The disinformation engine goes online
The polarisation and division that Brexit has accentuated breed uncomfortable truths. In a divided society, the fuel for information warfare consumes domestic underclasses.
This is true in the case of underprivileged white working-class communities who feel angry at the austerity and post-industrialisation collapse of northern British towns but find themselves blaming immigration alone. The same communities voted in large numbers for Brexit while polling data suggested that ethnic minorities were more likely to vote to remain in the EU.
According to Amil Khan, head of Valent, an organisation that unpacks disinformation, the “leave” campaigners’ victory vindicated new approaches to information communication and the idea that technology and data could bypass the old gatekeepers of traditional media, vote banks and community champions.
People hold a banner during the National Rejoin March IV organised by National Rejoin March (NRM), marking 10 years since Britain voted to leave the European Union in 2016 and calling for closer cooperation between Britain and Europe, in London, Britain, June 20, 2026 [Jack Taylor/Reuters]After Brexit, a generation of strategists entered the market “younger, more tech savvy and less rule-bound than the generation that preceded them”, Khan said.
This also gave rise to new actors offering ancillary services, such as bot farms, which have increased their capacity, helping to spread disinformation, a problem that increased innovation in artificial intelligence could exacerbate.

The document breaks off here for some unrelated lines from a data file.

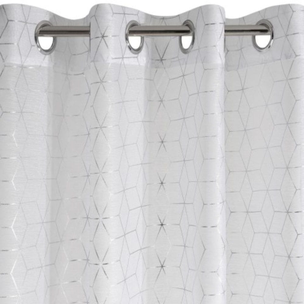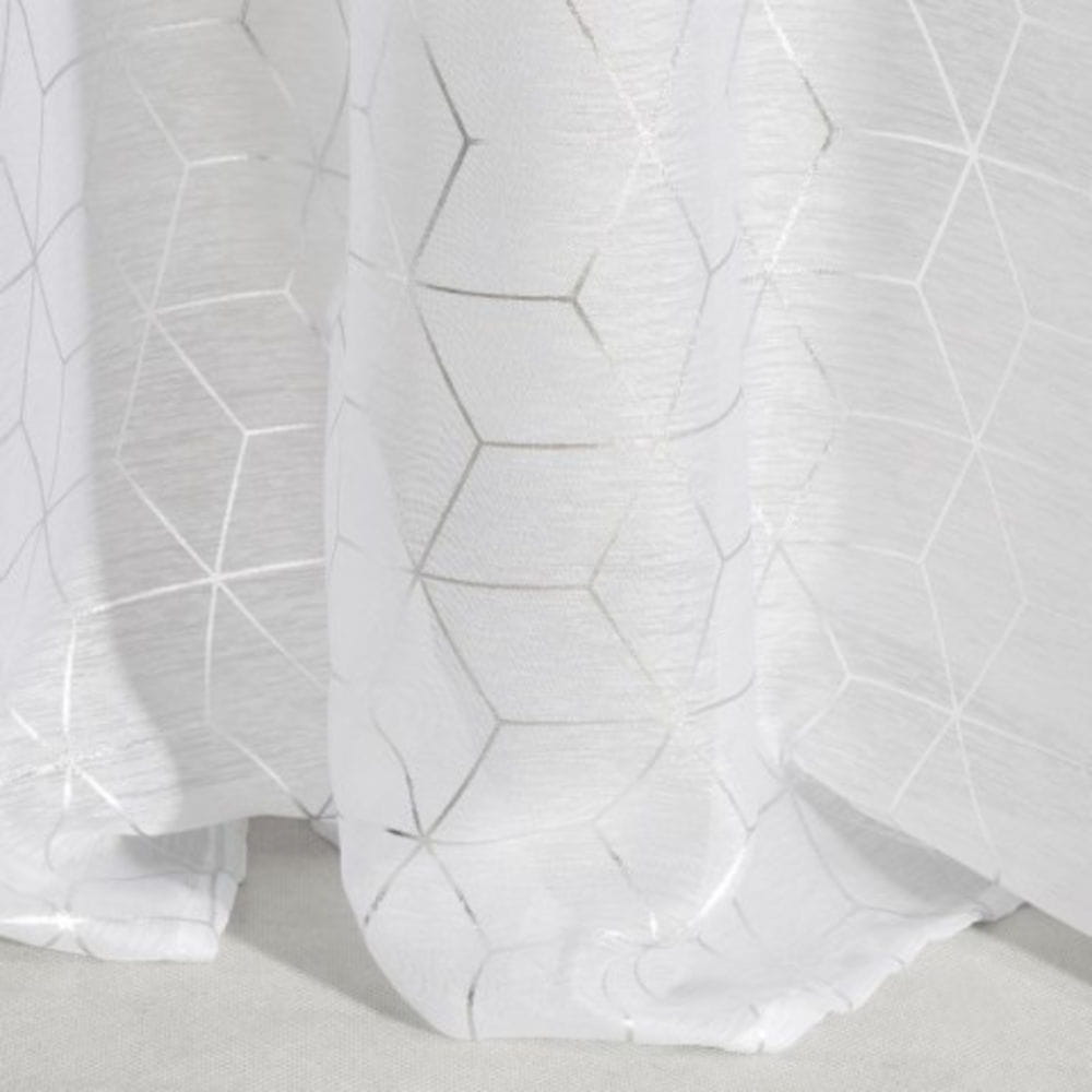 Zwiewna firana o minimalistycznym charakterze. Biała dekoracja ze srebrnym nadrukiem o geometrycznym wzorze rombów doskonale sprawdzi się w roli zasłony. Firana po powieszeniu układa się w regularne fale, dzięki czemu zawsze będzie nadawała estetyki wnętrzu. Przelotki służą odpowiedniemu układaniu się tkaniny na oknie, dzięki nim masz kontrolę nad szerokością na jakiej zasłona ma zakrywać okno bądź ścianę. Pozwalają także na sprawne ściąganie oraz zakładanie dekoracji.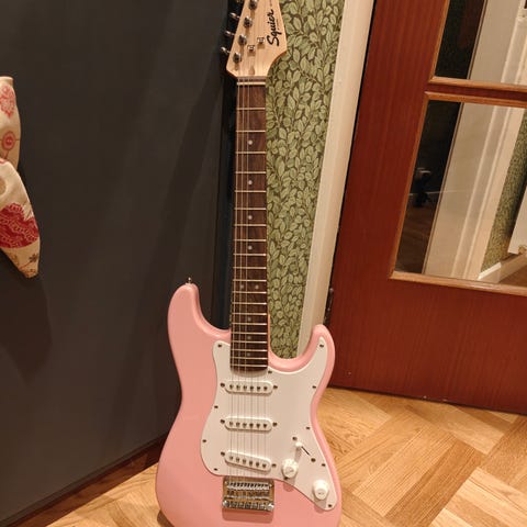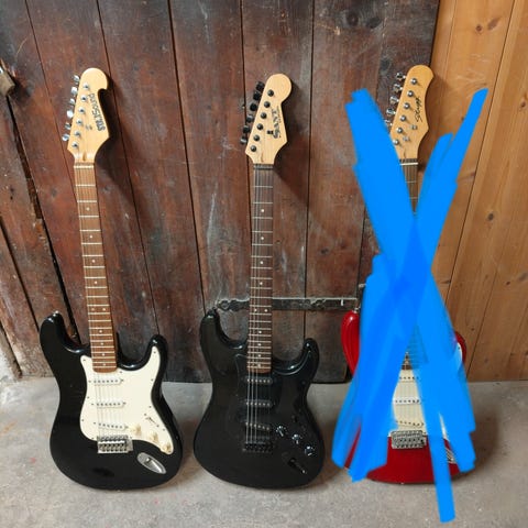 Squier Strat elektrisk guitar sort og spansk guitar brun.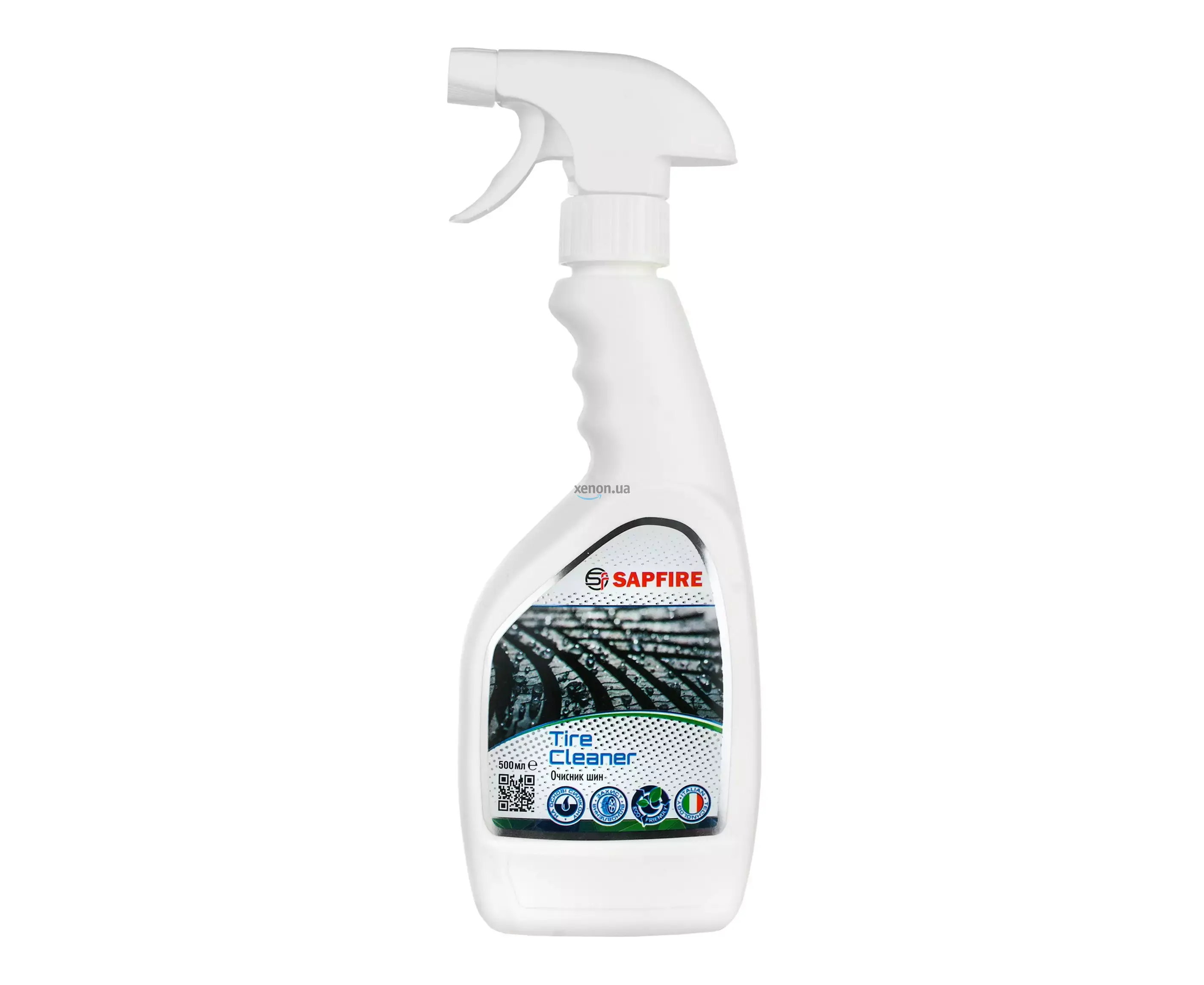 Очищувач шин SAPFIRE Tire Cleaner 500 мл (750448) - засіб на основі силікону для відновлення та захисту шин і гумових елементів. Утворює захисну силіконову плівку, яка оберігає шини від старіння, висихання, утворення мікротріщин, температурних впливів і знебарвлення, робить поверхню шин більш стійкою до всіх видів забруднень. Надає автомобільним шинам насичений чорний колір. Допомагає зберегти еластичність гуми, запобігає примерзанню ущільнювачів при мінусовій температурі. Не містить фосфатів. Біологічно розкладається.

Khan contended that although groups such as Muslims are persistently targeted by these campaigns, the ultimate goal is control over government and influence over policies.
The reckoning ahead
The UK’s economic woes are likely to continue to force deliberations about how best Britain should align with the EU in a climate where sovereignty and immigration remain contentious issues in public discourse and where a resurgent Reform UK party under Farage stands ready to brand any concession a betrayal.
As debates rumble on, the societal implications are unmissable, and they are tragic.
Ten years of centring migration as the master key to all societal grievances and socioeconomic problems has coarsened the discourse, normalised extremes and increasingly put families and individuals of non-white backgrounds, particularly British Muslims, in harm’s way.
If this trajectory is not rectified, Britain will need more than just a healthy economy to repair trust among its citizens.